Students, faculty and staff are invited to compete next Thursday in a paper airplane contest sponsored by the MIT Libraries as part of "Ideas Take Flight," the second annual libraries' week at MIT Sept. 15-19. This year's theme commemorates the centennial of the first flight in December 1903 with displays highlighting the flight-related collections of each library, a flight trivia and prize drawing on Sept. 19 in Barker Library, and other special events.

Registration for the paper airplane contest will begin at 4:30 p.m. on Sept. 18 in the Humanities Library. Flights take off at 5 p.m. and judging starts at 6 p.m. Planes may be entered in three categories: classic (planes made of 8.5x11 copy paper), freestyle (planes made of any size and type of paper, and aesthetic (planes made of anything, but with a paper component).
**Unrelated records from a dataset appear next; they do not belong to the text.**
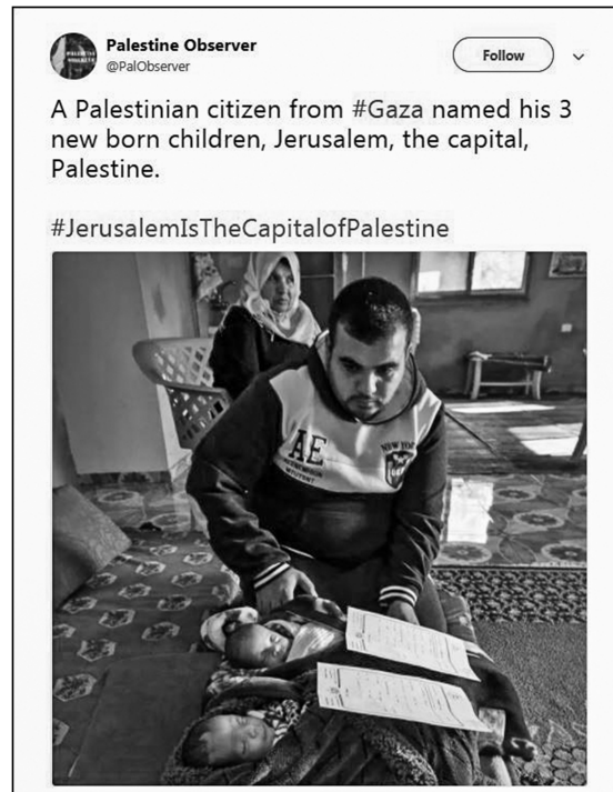
A man names his triplets after Jerusalem in protest of Trump's declaration.

Many ridiculed the U.S. decision, pointing out the flawed logic of Trump's reasoning, which they traced back to nearly a century of U.S. support for the Zionist settler-colonial project. Many social media users sought to make that history clear to readers around the world, and took aim at the racist undercurrents inherent to Zionism. Others chose to highlight the centuries-long harmonious history of Jerusalem, which has been eviscerated by Israeli policies.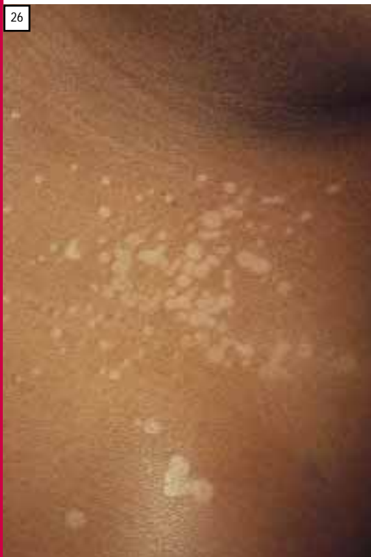
Fig. 26. Fine scaling hypopigmented macules of pityriasis versicolor.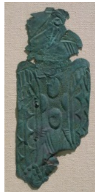
Copper, 16 5/8 x 9 1/4" WU 3685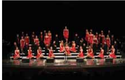
FAME Branson Show Choir Jefferson HS Jefferson Connection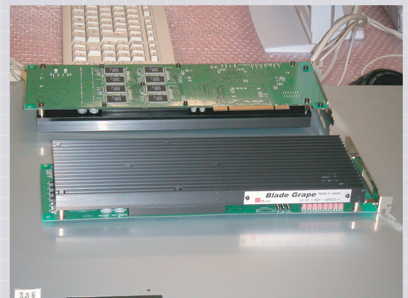
Fig.2 - Blade-GRAPE board (136.8GFLOPS)

The FIRST cluster is a heterogeneous PC cluster, which is designed for effective calculations of astrophysical radiation hydrodynamics. Each node possesses 2 CPUs and a newly-developed GRAVity PipE (GRAPE) processor, Blade- GRAPE, for gravity calculations. Fig. 1 shows the first model of the FIRST cluster, which consists of 16 nodes. The peak speed is 2.4TFLOPS. In two years, 256 (16x16) node PC cluster system will be constructed. The total theoretical speed will be 38.5TFLOPS.

Classic and freestyle planes will be judged by distance (measured in smoots) and duration of flight; aesthetic entries will be judged on looks alone. The contest is open to all members of the MIT community. See for contest rules and other activities planned for the week.

In addition to the Aeronautics and Astronautics Library, the MIT Libraries' flight collections include Dewey Library's material about the aeronautics industry, Barker Library's materials on the engineering aspects of flight, Rotch Library's holdings on planning and building airports, and the Humanities Library's books on the history of flight and flight-related novels.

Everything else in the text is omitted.